What the task asks: Copy, exactly and without additions, every line in the records below from the one holding "2025年12月19日,广西" through the one holding "Saint Louis Cathedral", both ends included.

Data:
· · · ·
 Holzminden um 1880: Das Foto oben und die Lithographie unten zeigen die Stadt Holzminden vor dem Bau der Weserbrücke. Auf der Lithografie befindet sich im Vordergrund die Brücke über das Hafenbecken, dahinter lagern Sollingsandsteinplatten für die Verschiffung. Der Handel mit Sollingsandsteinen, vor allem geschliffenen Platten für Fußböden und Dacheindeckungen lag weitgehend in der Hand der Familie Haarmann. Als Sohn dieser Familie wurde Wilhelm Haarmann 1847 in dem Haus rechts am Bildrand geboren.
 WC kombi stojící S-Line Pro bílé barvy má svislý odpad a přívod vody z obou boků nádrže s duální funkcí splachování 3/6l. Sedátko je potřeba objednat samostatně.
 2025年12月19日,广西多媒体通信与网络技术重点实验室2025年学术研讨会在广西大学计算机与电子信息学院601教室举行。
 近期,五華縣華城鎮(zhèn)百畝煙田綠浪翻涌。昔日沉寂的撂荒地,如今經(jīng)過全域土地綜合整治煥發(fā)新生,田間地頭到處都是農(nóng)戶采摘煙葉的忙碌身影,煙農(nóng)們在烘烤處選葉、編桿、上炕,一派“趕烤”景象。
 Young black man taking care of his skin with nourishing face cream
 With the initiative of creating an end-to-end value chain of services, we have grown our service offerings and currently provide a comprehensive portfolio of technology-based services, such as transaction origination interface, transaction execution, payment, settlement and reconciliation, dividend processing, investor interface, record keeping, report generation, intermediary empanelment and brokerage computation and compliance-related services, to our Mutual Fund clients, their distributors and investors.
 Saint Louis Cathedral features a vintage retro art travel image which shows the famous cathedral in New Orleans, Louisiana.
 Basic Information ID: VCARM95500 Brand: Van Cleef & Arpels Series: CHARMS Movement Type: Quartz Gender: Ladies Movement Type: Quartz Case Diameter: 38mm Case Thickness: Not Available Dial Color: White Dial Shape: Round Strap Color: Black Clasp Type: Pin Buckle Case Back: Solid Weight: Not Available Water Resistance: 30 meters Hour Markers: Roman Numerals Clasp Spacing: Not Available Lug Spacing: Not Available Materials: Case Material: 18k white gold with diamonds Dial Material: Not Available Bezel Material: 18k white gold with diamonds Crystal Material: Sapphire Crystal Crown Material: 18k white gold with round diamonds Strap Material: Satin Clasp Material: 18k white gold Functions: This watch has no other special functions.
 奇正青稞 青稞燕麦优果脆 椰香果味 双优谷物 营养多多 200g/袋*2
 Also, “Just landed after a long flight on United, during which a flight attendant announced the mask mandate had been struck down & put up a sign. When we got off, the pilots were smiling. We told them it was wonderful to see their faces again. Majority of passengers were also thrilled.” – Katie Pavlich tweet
· · · ·
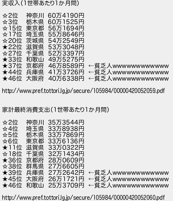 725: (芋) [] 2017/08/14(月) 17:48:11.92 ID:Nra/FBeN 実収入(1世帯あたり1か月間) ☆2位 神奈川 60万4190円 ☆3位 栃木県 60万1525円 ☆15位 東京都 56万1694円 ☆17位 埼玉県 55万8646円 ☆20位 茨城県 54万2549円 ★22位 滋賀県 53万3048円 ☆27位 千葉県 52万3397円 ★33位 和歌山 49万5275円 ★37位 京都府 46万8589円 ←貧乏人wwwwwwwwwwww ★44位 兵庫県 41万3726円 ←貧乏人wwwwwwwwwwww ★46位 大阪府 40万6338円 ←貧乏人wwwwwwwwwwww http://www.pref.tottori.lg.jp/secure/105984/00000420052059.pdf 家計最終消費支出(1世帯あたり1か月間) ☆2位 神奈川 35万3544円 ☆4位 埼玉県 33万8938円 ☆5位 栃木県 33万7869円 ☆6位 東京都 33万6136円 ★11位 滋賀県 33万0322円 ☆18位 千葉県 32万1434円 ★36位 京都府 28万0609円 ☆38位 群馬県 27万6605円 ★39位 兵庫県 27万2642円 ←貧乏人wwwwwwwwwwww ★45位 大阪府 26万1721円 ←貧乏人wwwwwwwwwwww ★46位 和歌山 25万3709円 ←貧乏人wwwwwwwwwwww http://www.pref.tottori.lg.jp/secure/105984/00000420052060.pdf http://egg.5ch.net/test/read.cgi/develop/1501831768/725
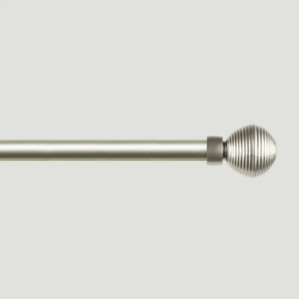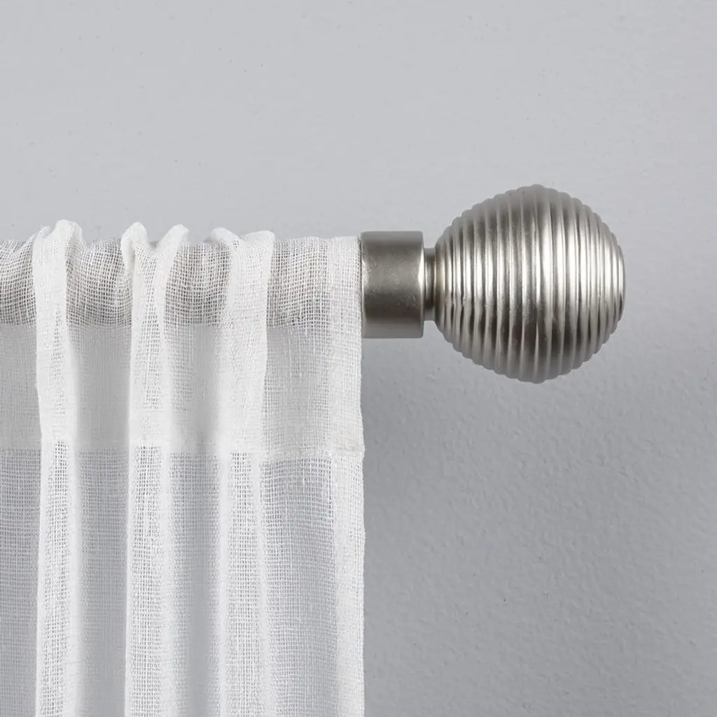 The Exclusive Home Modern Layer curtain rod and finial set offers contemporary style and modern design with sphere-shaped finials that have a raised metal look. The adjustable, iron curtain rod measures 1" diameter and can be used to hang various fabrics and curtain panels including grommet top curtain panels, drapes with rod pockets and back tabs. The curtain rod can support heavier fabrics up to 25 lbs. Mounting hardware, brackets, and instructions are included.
· · · ·
Solution for this task:
 2025年12月19日,广西多媒体通信与网络技术重点实验室2025年学术研讨会在广西大学计算机与电子信息学院601教室举行。
 近期,五華縣華城鎮(zhèn)百畝煙田綠浪翻涌。昔日沉寂的撂荒地,如今經(jīng)過全域土地綜合整治煥發(fā)新生,田間地頭到處都是農(nóng)戶采摘煙葉的忙碌身影,煙農(nóng)們在烘烤處選葉、編桿、上炕,一派“趕烤”景象。
 Young black man taking care of his skin with nourishing face cream
 With the initiative of creating an end-to-end value chain of services, we have grown our service offerings and currently provide a comprehensive portfolio of technology-based services, such as transaction origination interface, transaction execution, payment, settlement and reconciliation, dividend processing, investor interface, record keeping, report generation, intermediary empanelment and brokerage computation and compliance-related services, to our Mutual Fund clients, their distributors and investors.
 Saint Louis Cathedral features a vintage retro art travel image which shows the famous cathedral in New Orleans, Louisiana.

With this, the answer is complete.